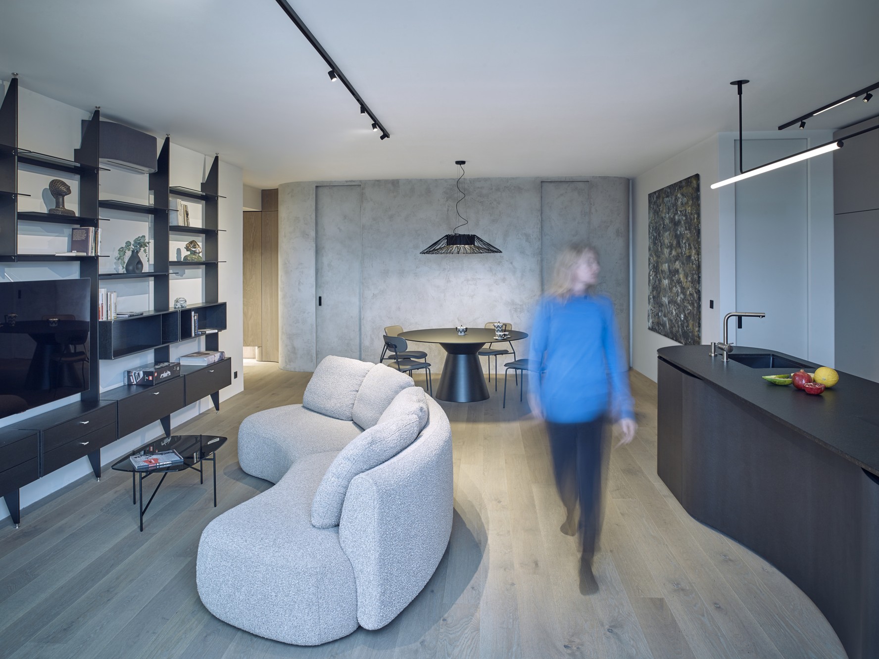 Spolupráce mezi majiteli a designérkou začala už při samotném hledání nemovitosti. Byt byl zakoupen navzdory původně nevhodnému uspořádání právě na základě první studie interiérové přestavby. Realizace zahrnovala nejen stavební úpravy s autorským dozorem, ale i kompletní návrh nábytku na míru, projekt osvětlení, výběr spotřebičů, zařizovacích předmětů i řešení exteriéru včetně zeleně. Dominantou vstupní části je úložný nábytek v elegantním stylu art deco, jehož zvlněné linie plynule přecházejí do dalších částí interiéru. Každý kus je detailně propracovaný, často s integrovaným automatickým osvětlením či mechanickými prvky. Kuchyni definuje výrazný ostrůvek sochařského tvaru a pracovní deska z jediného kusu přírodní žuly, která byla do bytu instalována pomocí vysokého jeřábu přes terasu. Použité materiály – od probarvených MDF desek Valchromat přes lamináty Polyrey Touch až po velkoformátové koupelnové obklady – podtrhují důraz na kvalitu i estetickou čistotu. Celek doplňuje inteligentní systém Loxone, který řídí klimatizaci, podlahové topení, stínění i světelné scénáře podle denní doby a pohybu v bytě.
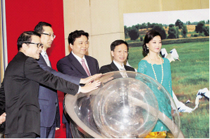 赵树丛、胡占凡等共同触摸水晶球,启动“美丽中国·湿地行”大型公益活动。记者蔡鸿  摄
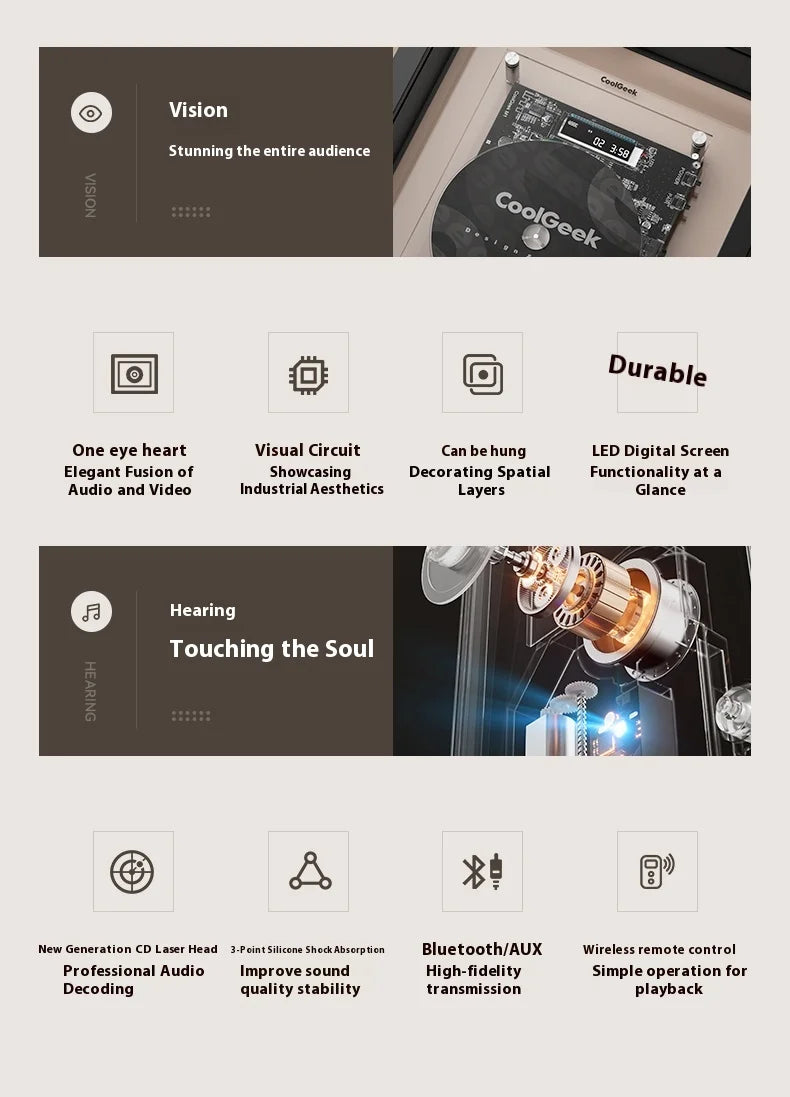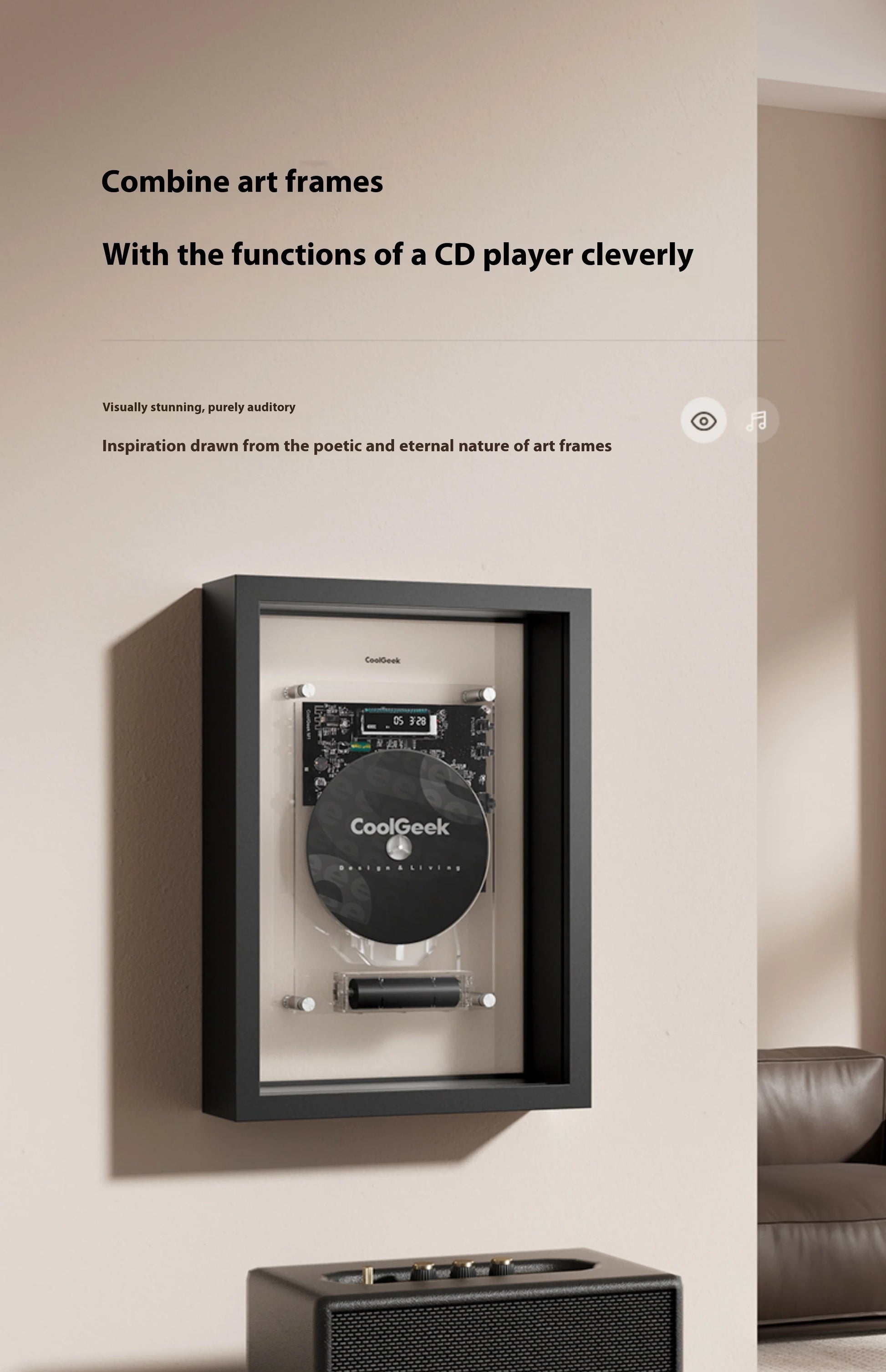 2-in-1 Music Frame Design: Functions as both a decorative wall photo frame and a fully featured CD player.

(Activity):
Give back the listing exactly, with the pictures removed.

(Result of this task):
 Spolupráce mezi majiteli a designérkou začala už při samotném hledání nemovitosti. Byt byl zakoupen navzdory původně nevhodnému uspořádání právě na základě první studie interiérové přestavby. Realizace zahrnovala nejen stavební úpravy s autorským dozorem, ale i kompletní návrh nábytku na míru, projekt osvětlení, výběr spotřebičů, zařizovacích předmětů i řešení exteriéru včetně zeleně. Dominantou vstupní části je úložný nábytek v elegantním stylu art deco, jehož zvlněné linie plynule přecházejí do dalších částí interiéru. Každý kus je detailně propracovaný, často s integrovaným automatickým osvětlením či mechanickými prvky. Kuchyni definuje výrazný ostrůvek sochařského tvaru a pracovní deska z jediného kusu přírodní žuly, která byla do bytu instalována pomocí vysokého jeřábu přes terasu. Použité materiály – od probarvených MDF desek Valchromat přes lamináty Polyrey Touch až po velkoformátové koupelnové obklady – podtrhují důraz na kvalitu i estetickou čistotu. Celek doplňuje inteligentní systém Loxone, který řídí klimatizaci, podlahové topení, stínění i světelné scénáře podle denní doby a pohybu v bytě.
 赵树丛、胡占凡等共同触摸水晶球,启动“美丽中国·湿地行”大型公益活动。记者蔡鸿  摄
 2-in-1 Music Frame Design: Functions as both a decorative wall photo frame and a fully featured CD player.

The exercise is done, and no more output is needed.